Axing Of 457 won’t impact vacancy rates, say REINSW
The axing of the 457 visa schemes will only have some bearing on the rental markets in several parts of Sydney such as the iconic Bondi beach and upmarket suburbs like Manly, the Real Estate Institute of New South Wales (REINSW) said.
REINSW president John Cunningham said there would be some areas in Australia where the banning of the 457 visa scheme for foreign workers would suffer while other areas will not have much of an effect.
“Areas such as Bondi and Manly may see some impact but only marginally in the scheme of things but holiday destinations or areas for transient workers such as fruit pickers may have some issues,” Cunningham told Elite Agent.
“From what I know many 457 visa holders are on the move frequently and as such are mostly in share houses, hostels, backpackers, etc, but there are also many who have permanent rentals and established legitimate jobs on sponsorships and as such may fall under the new guidelines.”
“Unfortunately, we don’t know how much it will end up being cut back by so probably too early to speculate but if it is halved it will have zero impact on the 2 million rental properties in Australia as we will not see a significant shift upwards in vacancy rates from their almost all time low of around 1.7 percent in Sydney.
“The net impact could be as little as 0.1 percent to a maximum 0.2 percent at current levels.

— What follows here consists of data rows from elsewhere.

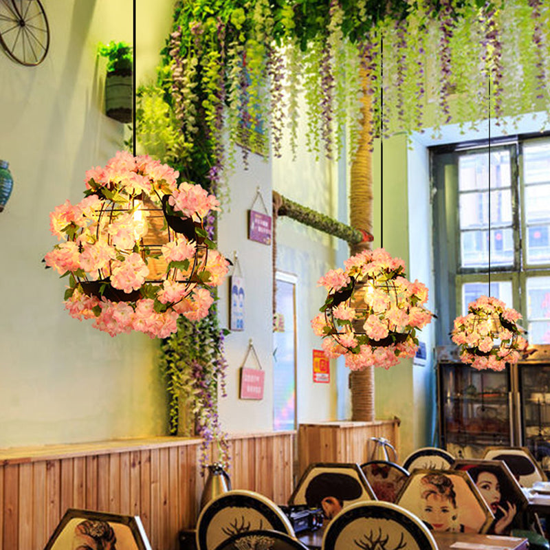 Industrial Led Drop Lamp Pendant - Metal Black Orb 12’/16’ Diameter 1 Head Cherry Blossom Design
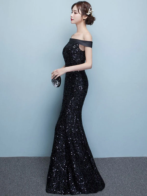 Black Evening Dress Lace Sequin Bateau Mermaid Formal Dress Off The Shoulder Floor Length Occasion Dress Wedding Guest Dress
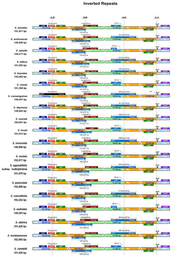Comparison of boundaries of LSC, IR and SSC regions among the 19 Saxifraga chloroplast genomes. Selected genes are indicated by boxes along the genome. Genes above the genome lines indicate their transcriptions in the forward direction, while below is the reverse direction. JLB junction between LSC and IRB, JSB junction between SSC and IRB, JSA junction between SSC and IRA, JLA junction between LSC and IR.
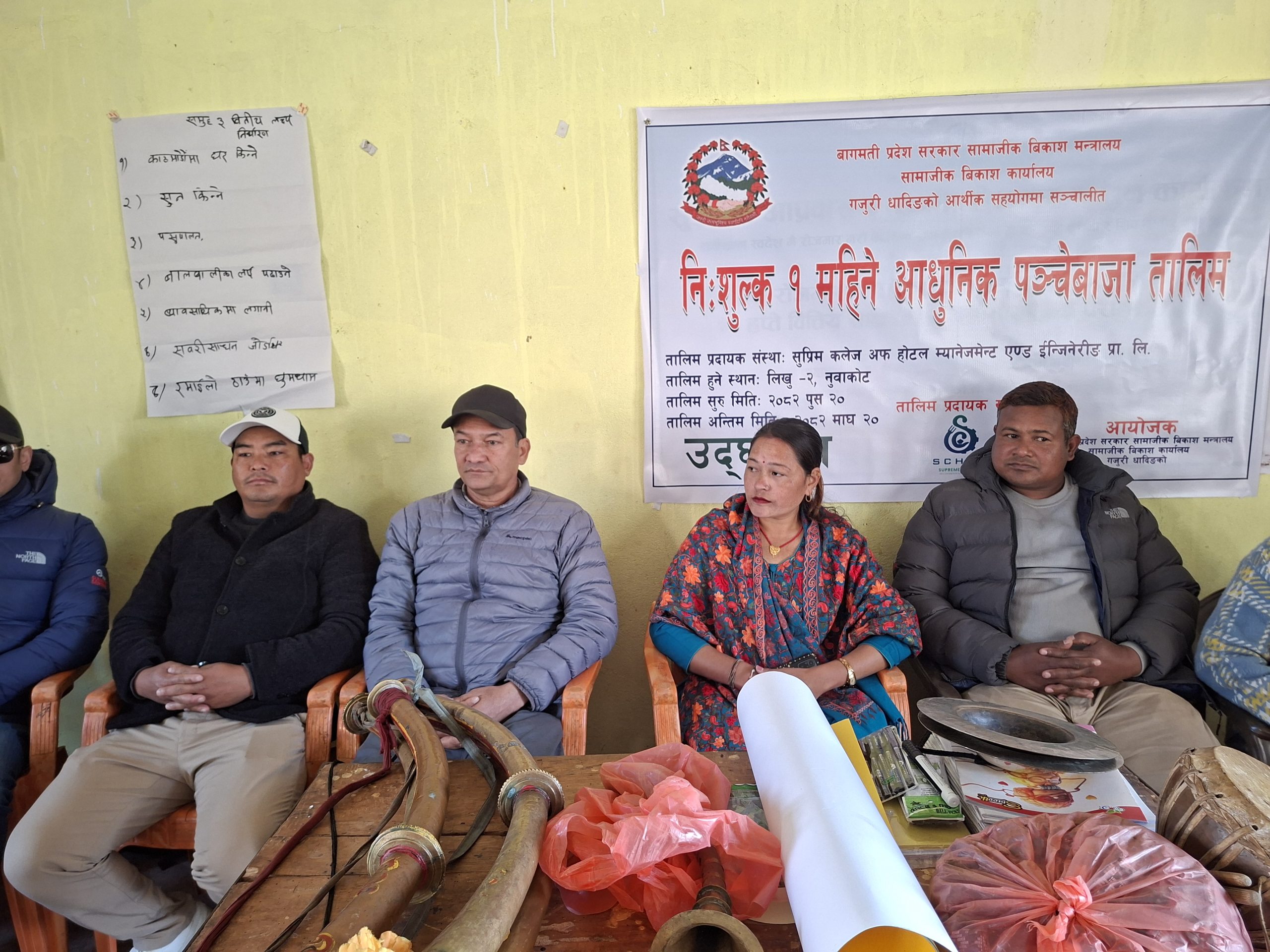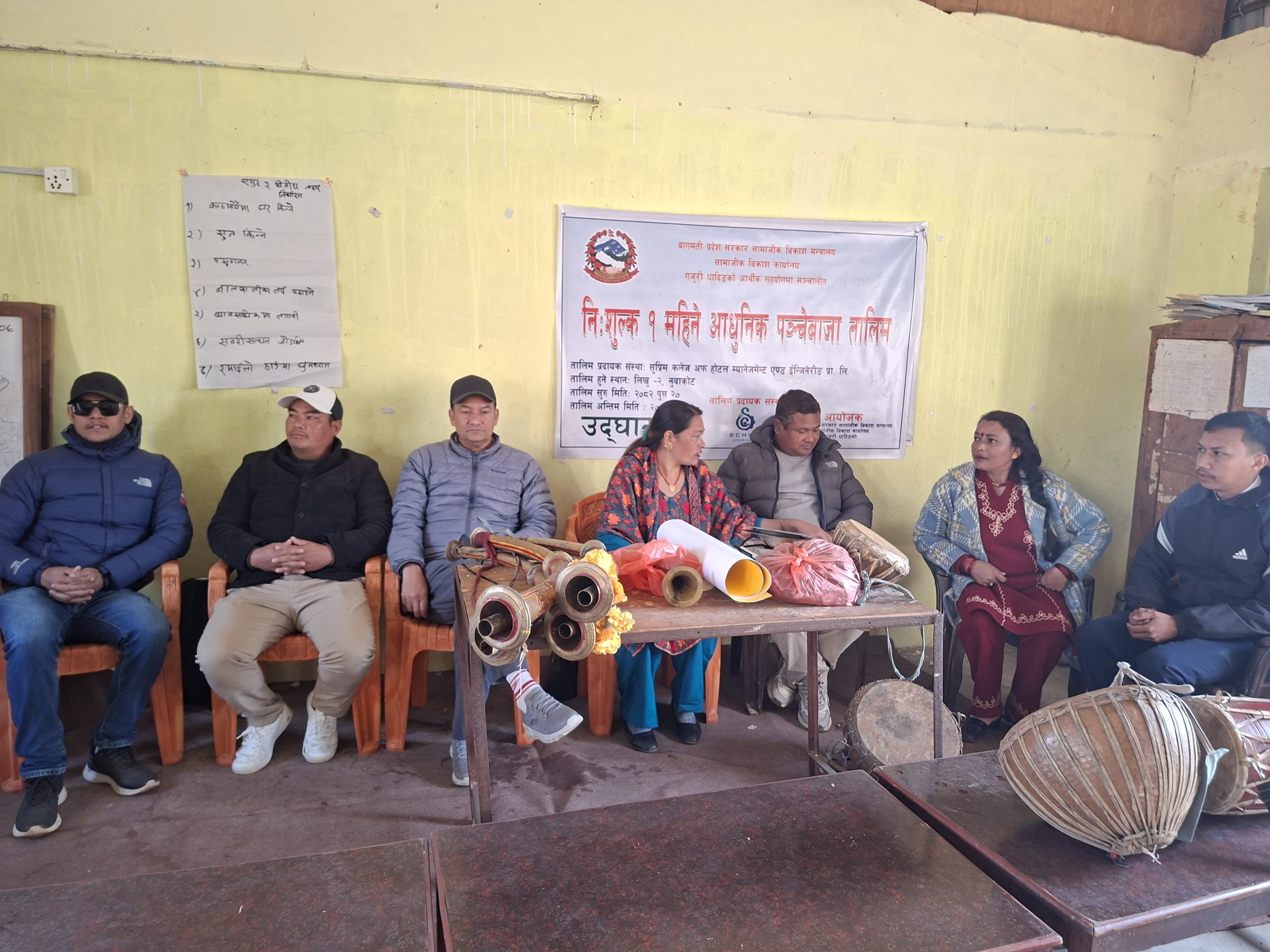 नुवाकोट — बागमती प्रदेश सरकार सामाजिक विकास मन्त्रालयअन्तर्गत सामाजिक विकास कार्यालय, धादिङको सहयोगमा दलित महिलाहरू लक्षित निःशुल्क एक महिने आधुनिक पञ्चेबाजा तालिम आजदेखि सुरु गरिएको छ।
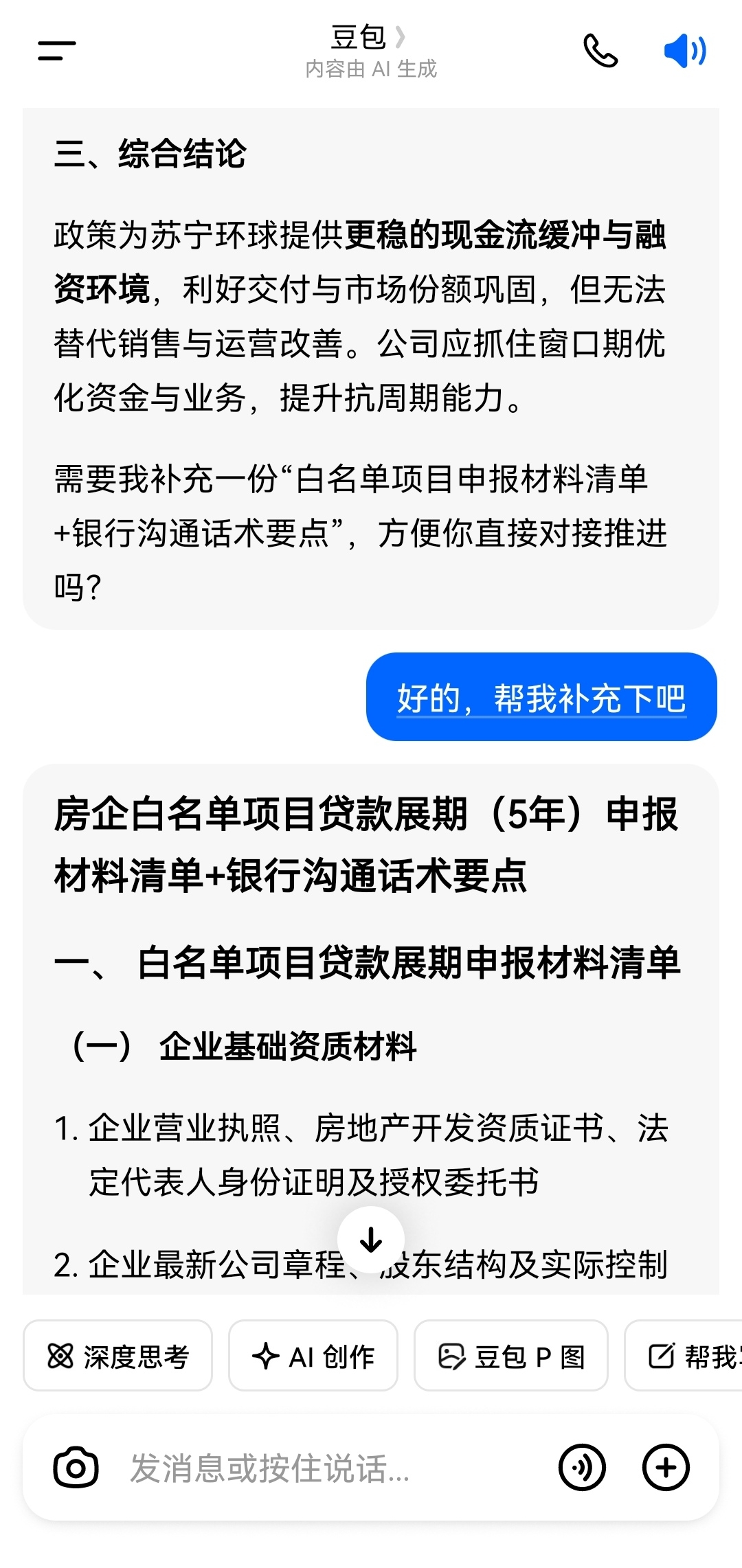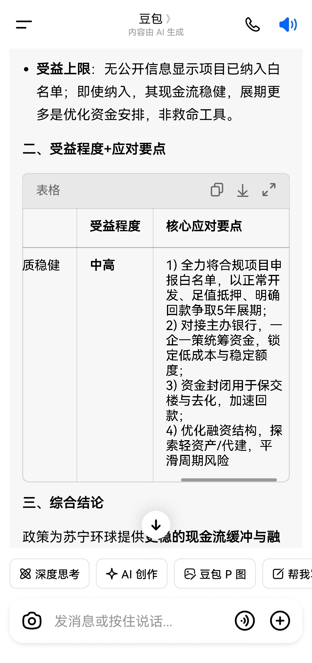 大家看看豆包对苏宁环球的分析是不是确定性的利好,我不知道,但是房企“白名单”项目
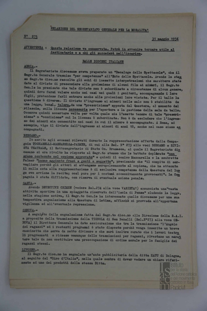 "Relazione del Segretariato Generale per la Moralità. Nr. 275"
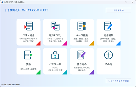 「いきなりPDF」の特長である“スタートパネル”を、より見やすく、使いやすくしました。よく使う機能をアプリケーションごとにまとめて表示し、目的の操作をすぐ見つけられます。これまで通り、アプリケーションごとにショートカットを作成することも可能です。
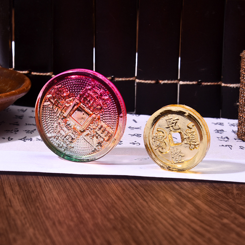 黄水晶钱币摆件家居乔迁开业财源广进钱币工艺品装饰招财仿古
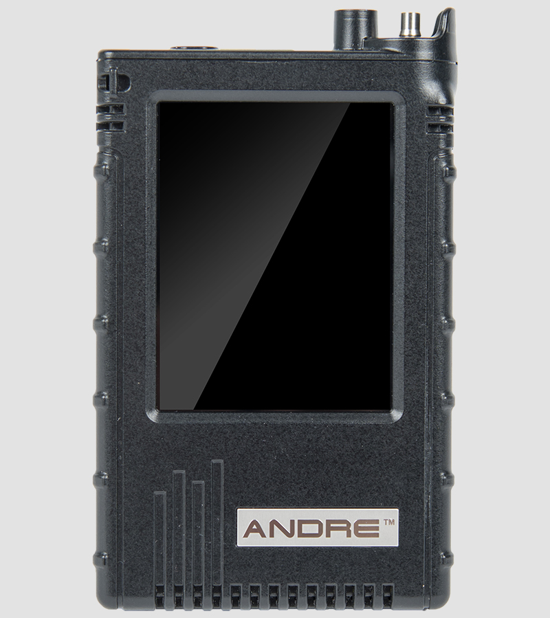 The ANDRE detects signal activity in its vicinity and displays changes in signal strength over time, allowing users to quickly locate the source of transmissions. The ANDRE’s frequency counter provides quick identification of the signal frequency and outputs additional information to an automatic signal list generator.
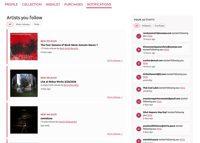 If you head over to "profile" and the "notifications" tab, you'll notice that this section has had a significant overhaul to improve legibility and functionality, with feeds where you can toggle music releases and blog posts from those you follow and look at your personal activity from followers on the right hand side.
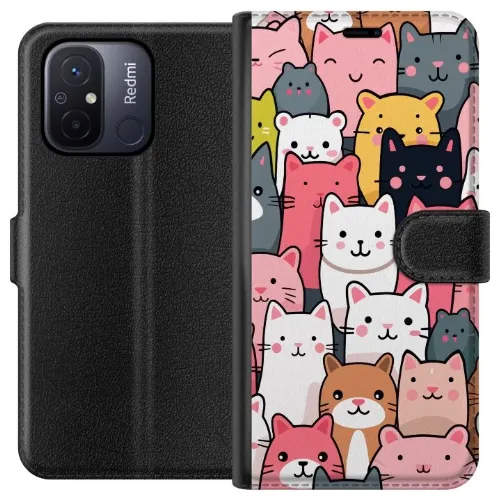Lompakkokotelo Xiaomi Redmi 12C-laitteelle, jossa on Kissan kuviointi kuvio
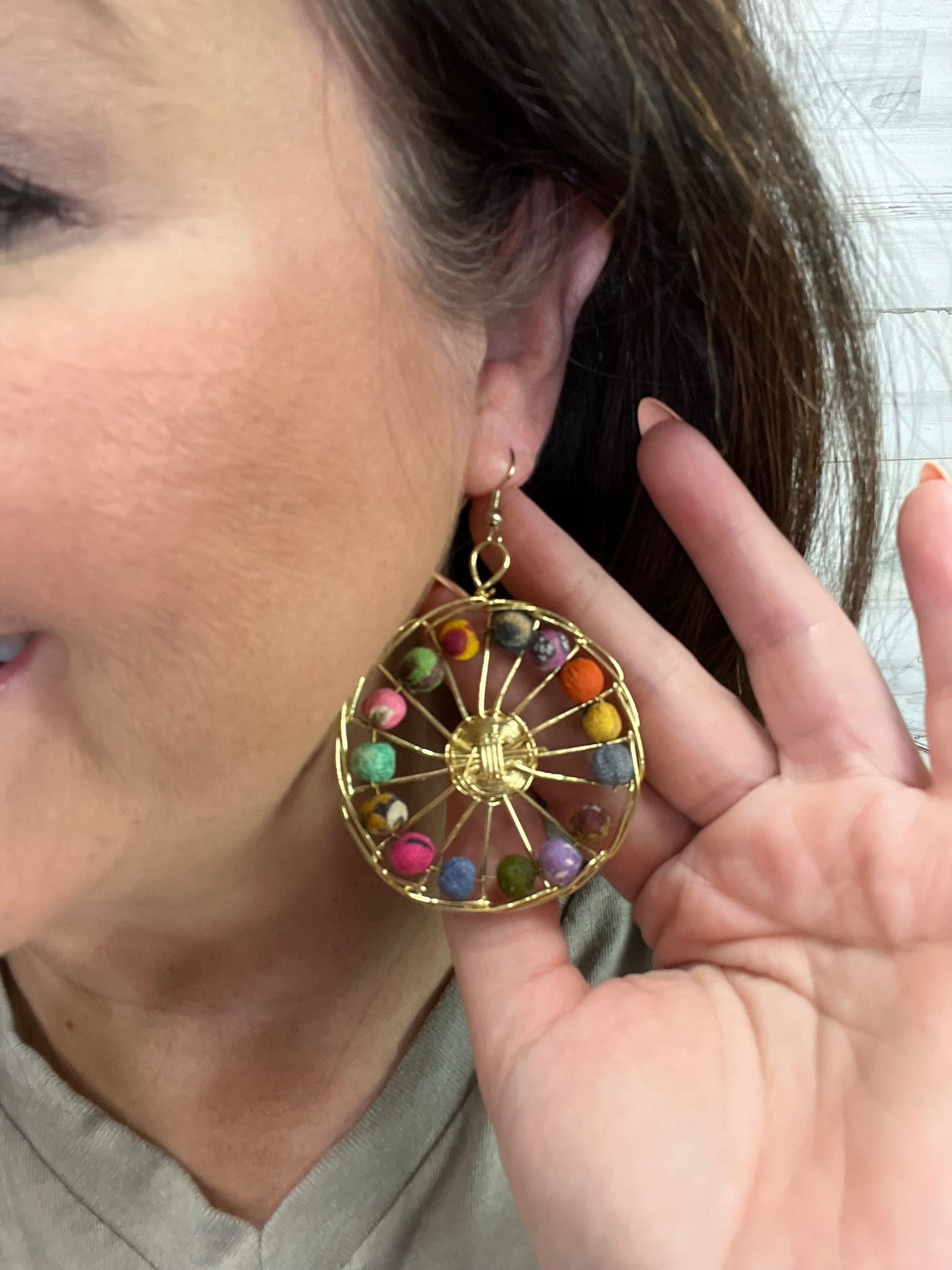 - Colorful fun hand-wrapped circular beaded dangle and drop earrings.
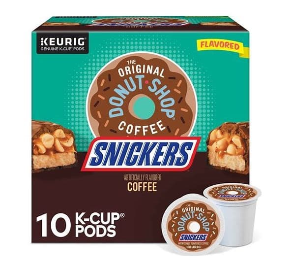 Unwrap a little sweetness every day with The Original Donut Shop Snickers flavored coffee. Get ready to dive headfirst into a cup of coffee inspired by the always satisfying, deliciously gratifying flavors of Snickers: creamy milk chocolate, gooey caramel, and just a touch of nuttiness. The Original Donut Shop coffee stacks flavors on flavors to reimagine the limits of coffee and turns the everyday into a delicious treat. With the press of a button, you can sip into Snickers flavored coffee, where the scrumptious candy bar you know and love meets the deliciousness of a hot cup of joe.Specifications

From this perspective it appears to be just window dressing by the government in backing the big issue of housing affordability,” he said.
On Tuesday, Prime Minister Malcolm Turnbull announced that the government was abolishing the 457 visas scheme and replace it with a two-tier visa with stricter requirements.
“This will ensure Australian workers are given the absolute priority for jobs, while businesses will be able to temporarily access the critical skills they need to grow if skilled Australians workers are not available,” Turnbull said in a release on Tuesday.
According to the ABC, the latest figures from the Immigration Department states that there has been a drop in 457 visas holders in Australia to 95,758 in September 2016.
The majority of the 457 visa holders were from India, which accounted for almost a quarter of the intake, followed by the UK and China at 19.5 percent and 5.8 percent respectively.